Entrevista

Arturo Arango: “Me encanta ser atrapado durante varios días por universos distintos”

Arturo Arango es uno de los escritores cubanos contemporáneos que sigo. Es uno de los que participa activamente en la construcción de la historia literaria del país. Escribe cuentos, novelas y guiones para el cine. También escribe ensayo, curiosamente, acerca de la poesía y la cultura; es jefe de redacción de la revista La Gaceta de Cuba. En esta Feria del Libro 2019, circula la novela No me preguntes cuándo, publicada por Ediciones Matanzas con una tirada de tres mil ejemplares. Una sugerencia que hacemos desde Claustrofobias.

 ¿Qué propone esta vez Arturo Arango con la novela No me preguntes cuándo? ¿Continúa hablando de la realidad cubana?

La novela tiene un marco cubano pero lo sustancial de la trama ocurre en México. Por eso, habla de nuestra realidad de soslayo. El protagonista declara en algún momento que nunca le ha interesado mucho la política.

¿Cuáles son algunos de esos personajes?

El protagonista, que se llama Ernesto Camilo, es manzanillero, como yo, y conozco a su familia. Su tía me dio clases en la secundaria. El resto de los personajes son mexicanos. Él va al D.F. por un tiempo, y queda entrampado en una realidad, en un contexto, que le era totalmente desconocido. Cuenta su historia desde allí, y al cabo de varios años, cuando ya puede tratar de comprender lo que le sucedió.

¿Cómo llegó a convertirse la novela en una película?

Viceversa. En 2005, en Guadalajara, vi un pequeño suceso que me llamó la atención y comencé a fabular a partir de una actitud, de un personaje, de unas frases. Poco después lo conté a Juan Carlos Tabío. Empezábamos a concebir otra posible película y él colocó la historia en el metro de Madrid. El proyecto quedó en media página. Más tarde estuve hospedado en un hotel situado sobre la calzada de Tlalpan, en la Ciudad de México: una vía espantosa. Me di cuenta que era el contexto ideal para esta historia. Y, por esos mismos días, conocí al director mexicano Álvaro Curiel de Icaza, quien había rodado en Cuba su película Acorazado. Le conté lo poco que tenía en la cabeza y me pidió que lo escribiera. Ya con el guion terminado, mientras Álvaro recorría el arduo camino de obtener fondos para realizarla, escribí la novela. Por puro azar, novela y película están viendo la luz casi de manera simultánea.

¿Estás satisfecho con el resultado?

Aún no he visto la película. Álvaro está entusiasmado y recibí muy buenas opiniones de otras personas, no implicadas en su producción, que ya la han visto. En cuanto a la novela, sí.
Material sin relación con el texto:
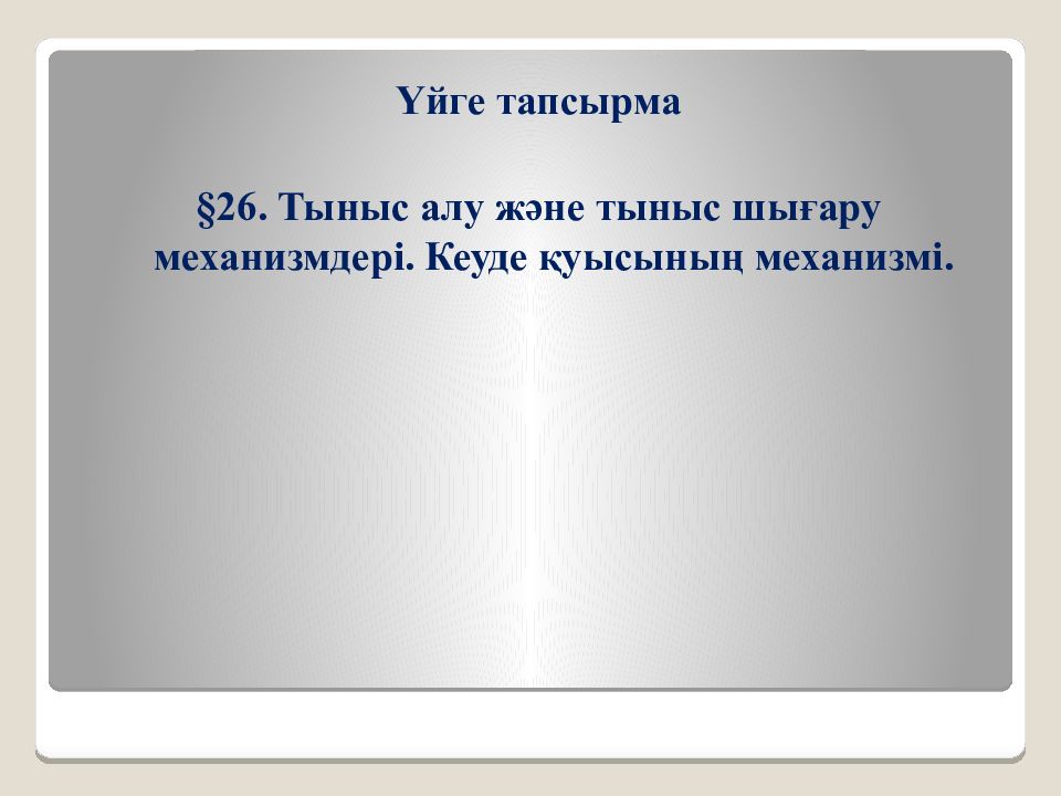 Үйге тапсырма §26. Тыныс алу және тыныс шығару механизмдері. Кеуде қуысының механизмі.

Se parece mucho a lo que imaginé.

¿Qué otros libros se han llevado al cine?

Solo el cuento “Lista de espera”. En cambio, he llevado a la literatura otros tres guiones: un largometraje y un cortometraje que escribí en los años 90 para Gerardo Chijona se convirtieron, respectivamente, en la novela El libro de la realidad y en el relato En la hoja de un árbol. Ninguno de los dos llegó al cine. Más tarde escribí un falso testimonio que cuenta el proceso de investigación y escritura para El Cuerno de la Abundancia, que dirigió (y coescribió) Juan Carlos Tabío. Ahora Ediciones ICAIC tiene en proceso editorial un libro que contiene los dos relatos: “La hoja y el cuerno”.

¿En muchos otros países muchas novelas van del libro al cine? ¿Qué crees del caso de Cuba?
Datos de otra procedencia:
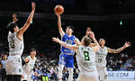 [OSEN=부산, 이석우 기자] 31일 부산 사직체육관에서 2025-2026 LG전자 프로농구 부산 KCC와 원주 DB의 경기가 열렸다.2025년 마지막 경기가 8번째 농구영신으로 열렸다.부산 KCC 허훈이 원주 DB 이선 알바노, 강상재의 마크를 피해 골밑슛

La industria cubana del cine no da para mucho, sobre todo en estos momentos. Los fundadores del ICAIC atendieron bien la literatura cubana, sobre todo Gutiérrez Alea, Julio García Espinosa y Humberto Solás.

A mediados de los 80, Ambrosio Fornet organizó un taller de guiones en el ICAIC para acercar a quienes éramos entonces jóvenes narradores a la producción cinematográfica. De aquel taller surgió Plaff. Me consta que también Daniel Díaz Torres (que era un lector extraordinario), Rigoberto López y Gerardo Chijona se vincularon sistemáticamente a escritores, aunque no siempre las películas se hicieron.

Que en una cinematografía, en un espacio cultural, esas dos ramas del arte se mezclen es un síntoma de madurez, pero no garantiza el resultado. Partir de una obra literaria ofrece a los realizadores del filme una base anecdótica, personajes que suelen estar bien caracterizados, a veces un contexto interesante o inquietante, pero luego hay que atender a las exigencias propias del lenguaje audiovisual y a los intereses estéticos y temáticos de quienes se convierten en re-creadores o en nuevos autores.

¿Es la novela tu género preferido?

Al escribirla, tiene la virtud de que una vez que el cosmos se va construyendo, se hace más tenue el temor a la página el blanco, la angustia que provoca comenzar desde cero.

También la prefiero como lector. Me encanta ser atrapado durante varios días por universos distintos, de los que me apropio con la anuencia, incluso el beneplácito, de sus autores.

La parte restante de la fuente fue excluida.